English poet (1775–1825)

Charlotte Richardson or Charlotte Smith (5 March 1775 – 26 September 1825) was a British poet.

==Life==
Richardson was born in York in 1775 and by 1790 she had attended the basic Grey Coats School in York and she had become an orphan. She gave up her job as a cook/maid and married a shoemaker in 1802 but two years later he died of tuberculosis and she was a single parent.

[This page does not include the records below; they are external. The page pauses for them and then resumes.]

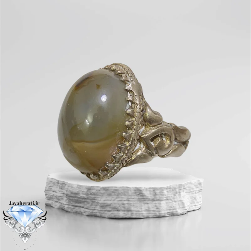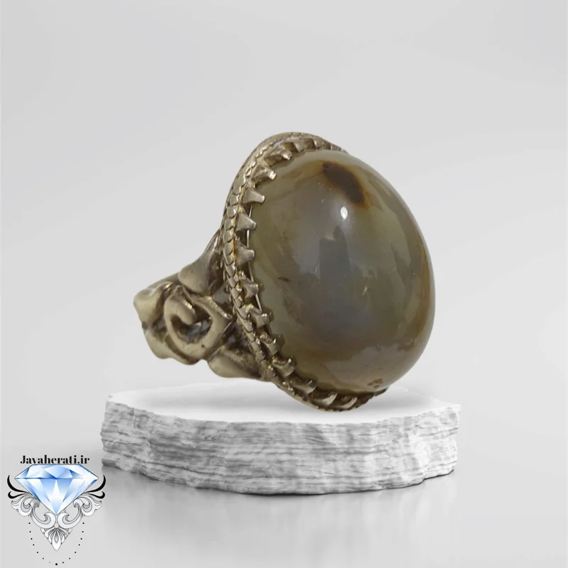 انگشتر عقیق کبود سلیمانی معدنی دامله تراش
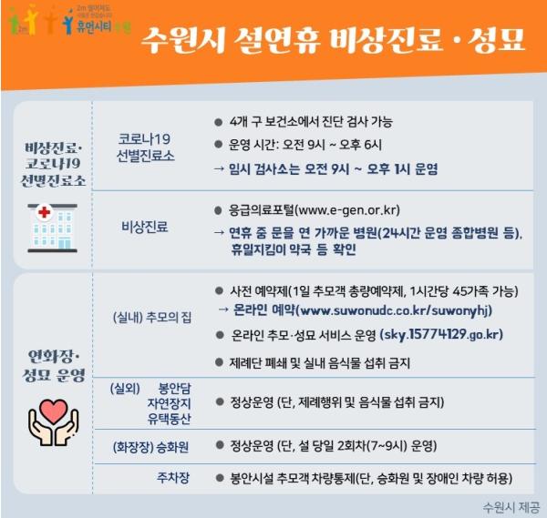 연휴 기간 내내 24시간 운영되는 수원시 내 종합병원 및 응급실은 장안구 경기도의료원 수원병원, 권선구 수여성병원·수원중앙병원, 팔달구 성빈센트병원·동수원병원·수병원, 영통구 아주대학교병원 등 7곳이다.
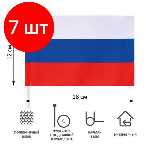 Комплект 7 штук, Флаг РФ 12*18см с подставкой 1-ой белый пластик 30
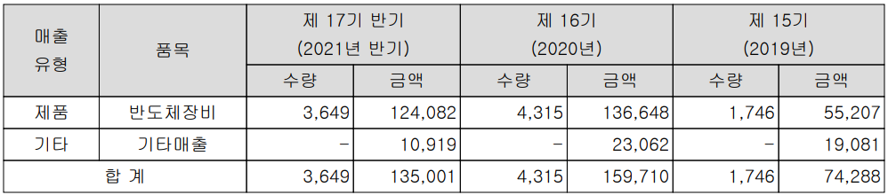 환경설비 사업부문에는 Bab Filter, Marble Scrubber 등 집진설비와 Packed Tower, Activated Carbon Tower, FRP Scrubber 등 정화 장치를 공급하고 있습니다. 지난 상반기 실적에서 반도체 장비 사업부문의 매출은 1,350억 원으로 전체 매출의 95.3%를 차지하였습니다.
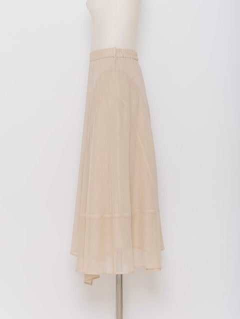 ナチュラルなコットン素材に加工を施し、サラサラとした肌触りと適度なハリ感を持たせたオーガンジー素材のフレアスカート。
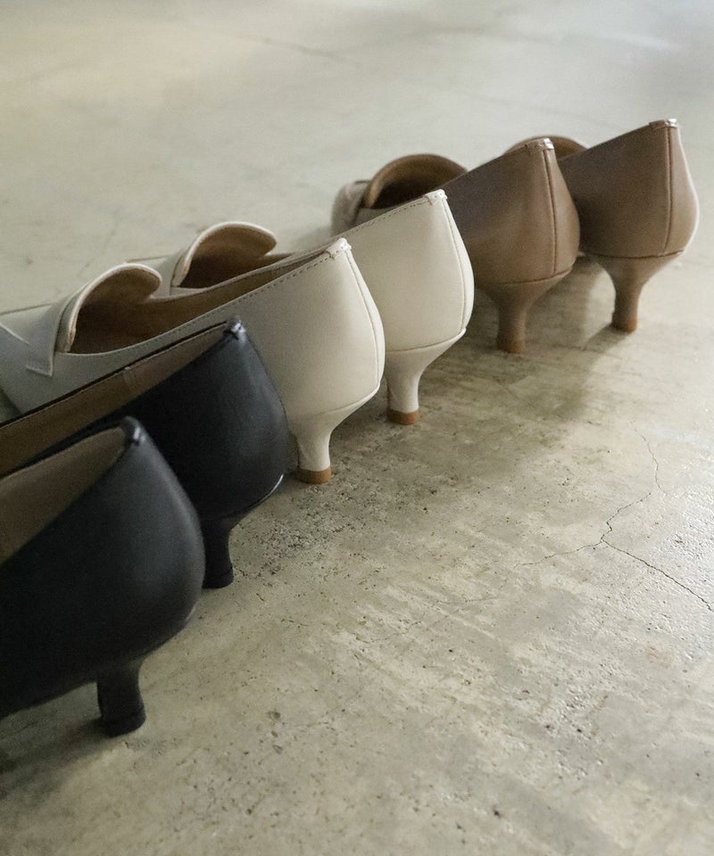 4. ミドルヒールポインテッドトゥローファーパンプス
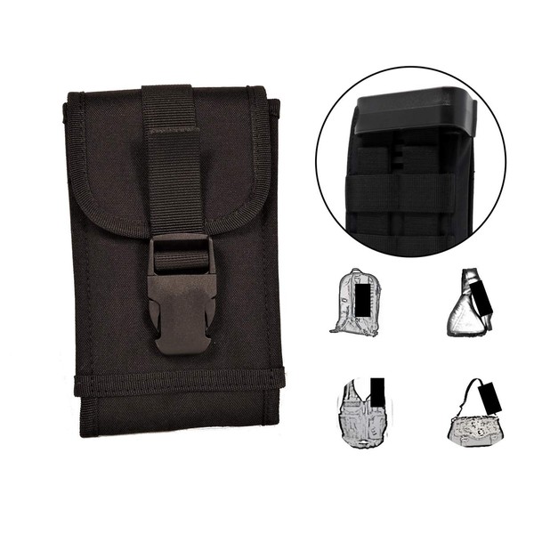 Clakit XL Smartphone StrapPack with Clip Front Flap (Black) - Backpack Shoulder Strap Attachment for Hikers, Travelers, Hunters, Students, and Commuters

Her benefactor was Catherine Cappe who knew her from her four years at school and her brother had been the Richardson family's doctor. Cappe was involved with education in York and she was the second wife of the Unitarian minister Newcombe Cappe. Cappe was impressed by her poetry and arranged for Poems on Different Occasions to be published. She ensured these were bought by writing to The Gentleman's Magazine. Over 600 books were sold by subscription and a second printing enabled Richardson to open a small school. Another edition was printed in the USA.

By 1809 the school was gone and Richardson was ill. Cappe had a second book of poetry published titled Poems Chiefly Composed during the Pressure of Severe Illness (1809).

Richardson died in Acomb, North Yorkshire in 1825. Her poetry refers to her thoughts on French invasion, the slave trade and her reading of Thomas Clarkson and Walter Scott.